## [TO DO]
From the listing below, restate word for word the lines from the line containing "Last move : 0-1" down through the line containing "I had some dealings". Exclude pictures.

** SOURCE MATERIAL follows **

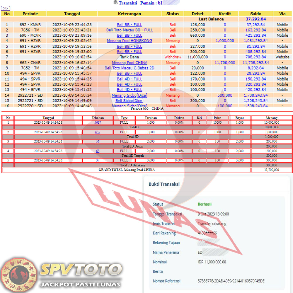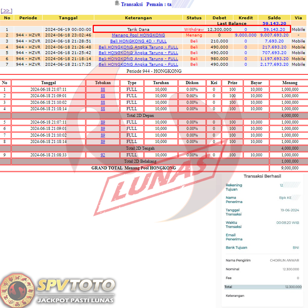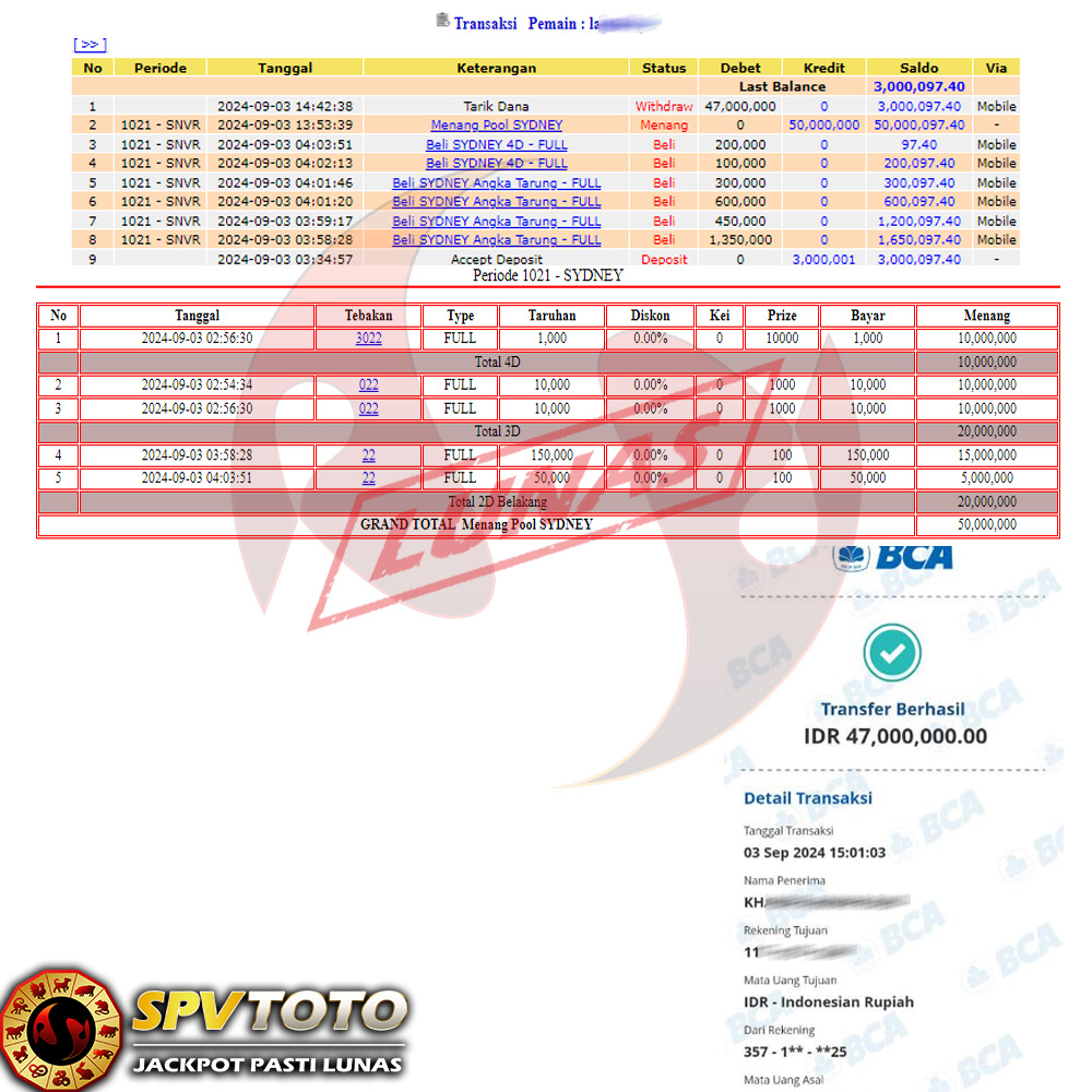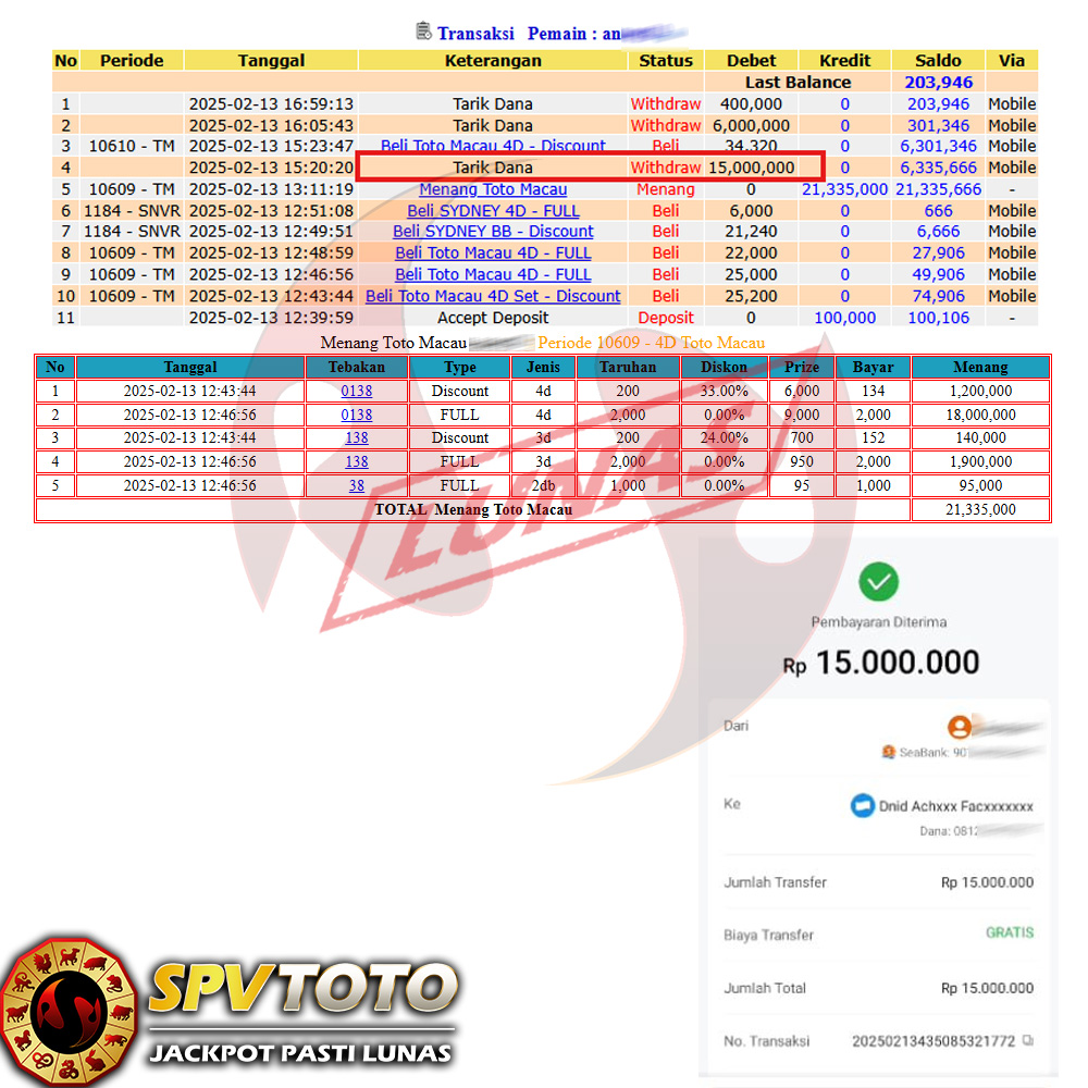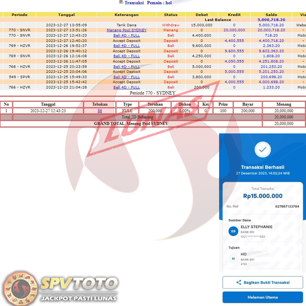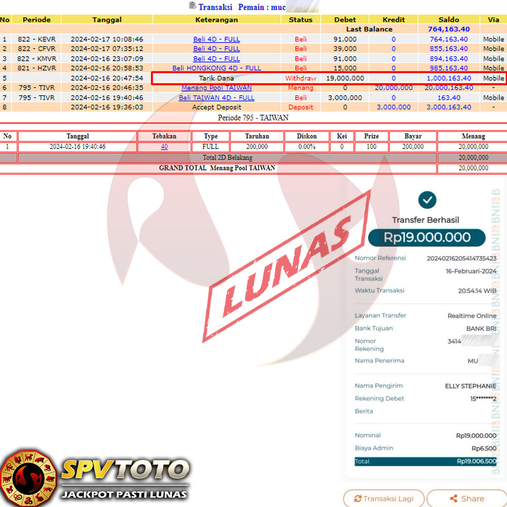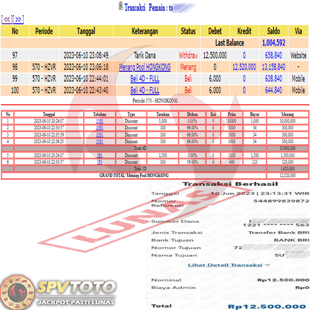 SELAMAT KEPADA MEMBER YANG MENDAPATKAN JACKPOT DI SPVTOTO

** End of SOURCE MATERIAL **
** SOURCE MATERIAL follows **

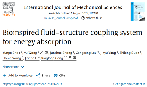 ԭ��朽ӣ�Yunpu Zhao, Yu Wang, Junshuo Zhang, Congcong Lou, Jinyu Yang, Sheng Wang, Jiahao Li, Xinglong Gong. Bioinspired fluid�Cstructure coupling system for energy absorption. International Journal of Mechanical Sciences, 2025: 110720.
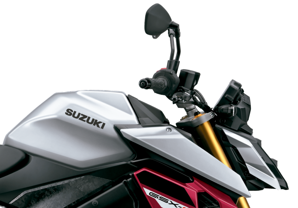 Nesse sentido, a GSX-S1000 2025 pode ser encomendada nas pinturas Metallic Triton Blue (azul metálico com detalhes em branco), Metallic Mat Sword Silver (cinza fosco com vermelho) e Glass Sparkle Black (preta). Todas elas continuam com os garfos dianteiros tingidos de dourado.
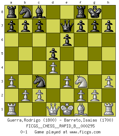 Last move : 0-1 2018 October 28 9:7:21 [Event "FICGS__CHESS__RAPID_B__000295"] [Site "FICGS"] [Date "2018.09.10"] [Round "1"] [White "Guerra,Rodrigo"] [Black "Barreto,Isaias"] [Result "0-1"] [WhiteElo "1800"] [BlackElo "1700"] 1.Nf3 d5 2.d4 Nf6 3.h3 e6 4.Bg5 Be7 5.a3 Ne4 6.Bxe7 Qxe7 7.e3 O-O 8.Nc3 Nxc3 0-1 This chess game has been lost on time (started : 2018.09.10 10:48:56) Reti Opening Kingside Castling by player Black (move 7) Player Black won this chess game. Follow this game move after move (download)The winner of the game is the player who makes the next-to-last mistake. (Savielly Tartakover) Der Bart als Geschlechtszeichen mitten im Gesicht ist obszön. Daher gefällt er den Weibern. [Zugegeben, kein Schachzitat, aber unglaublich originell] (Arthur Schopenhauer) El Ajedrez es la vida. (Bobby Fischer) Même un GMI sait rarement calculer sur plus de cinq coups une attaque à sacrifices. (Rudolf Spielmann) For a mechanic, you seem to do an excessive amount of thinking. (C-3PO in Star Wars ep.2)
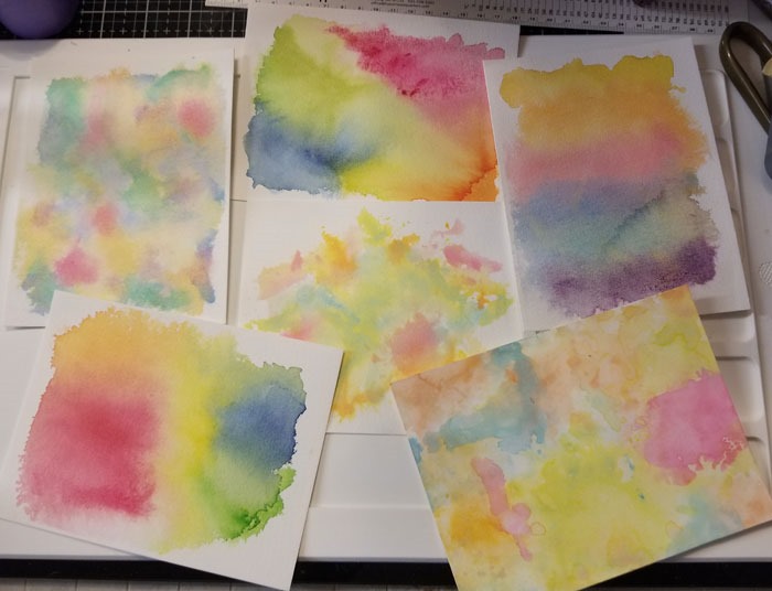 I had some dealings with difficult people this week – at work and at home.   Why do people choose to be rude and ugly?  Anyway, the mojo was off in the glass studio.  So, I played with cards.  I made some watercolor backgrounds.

** End of SOURCE MATERIAL **
** SOURCE MATERIAL follows **

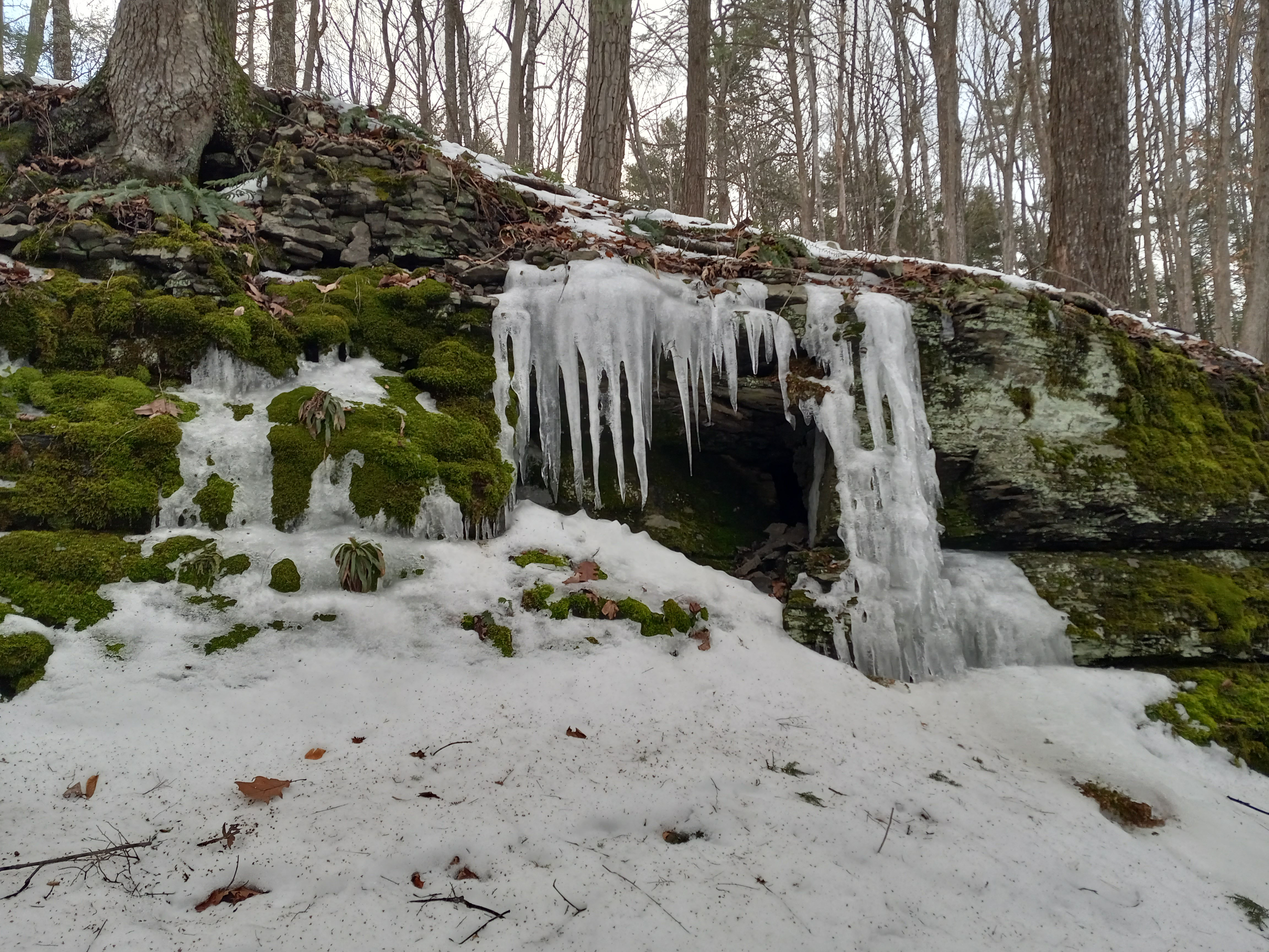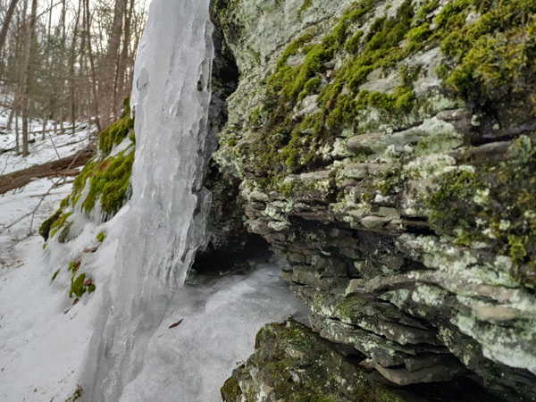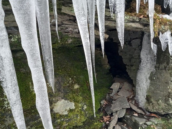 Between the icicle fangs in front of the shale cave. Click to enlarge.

** End of SOURCE MATERIAL **

## [TASK OUTPUT]
 Last move : 0-1 2018 October 28 9:7:21 [Event "FICGS__CHESS__RAPID_B__000295"] [Site "FICGS"] [Date "2018.09.10"] [Round "1"] [White "Guerra,Rodrigo"] [Black "Barreto,Isaias"] [Result "0-1"] [WhiteElo "1800"] [BlackElo "1700"] 1.Nf3 d5 2.d4 Nf6 3.h3 e6 4.Bg5 Be7 5.a3 Ne4 6.Bxe7 Qxe7 7.e3 O-O 8.Nc3 Nxc3 0-1 This chess game has been lost on time (started : 2018.09.10 10:48:56) Reti Opening Kingside Castling by player Black (move 7) Player Black won this chess game. Follow this game move after move (download)The winner of the game is the player who makes the next-to-last mistake. (Savielly Tartakover) Der Bart als Geschlechtszeichen mitten im Gesicht ist obszön. Daher gefällt er den Weibern. [Zugegeben, kein Schachzitat, aber unglaublich originell] (Arthur Schopenhauer) El Ajedrez es la vida. (Bobby Fischer) Même un GMI sait rarement calculer sur plus de cinq coups une attaque à sacrifices. (Rudolf Spielmann) For a mechanic, you seem to do an excessive amount of thinking. (C-3PO in Star Wars ep.2)
 I had some dealings with difficult people this week – at work and at home.   Why do people choose to be rude and ugly?  Anyway, the mojo was off in the glass studio.  So, I played with cards.  I made some watercolor backgrounds.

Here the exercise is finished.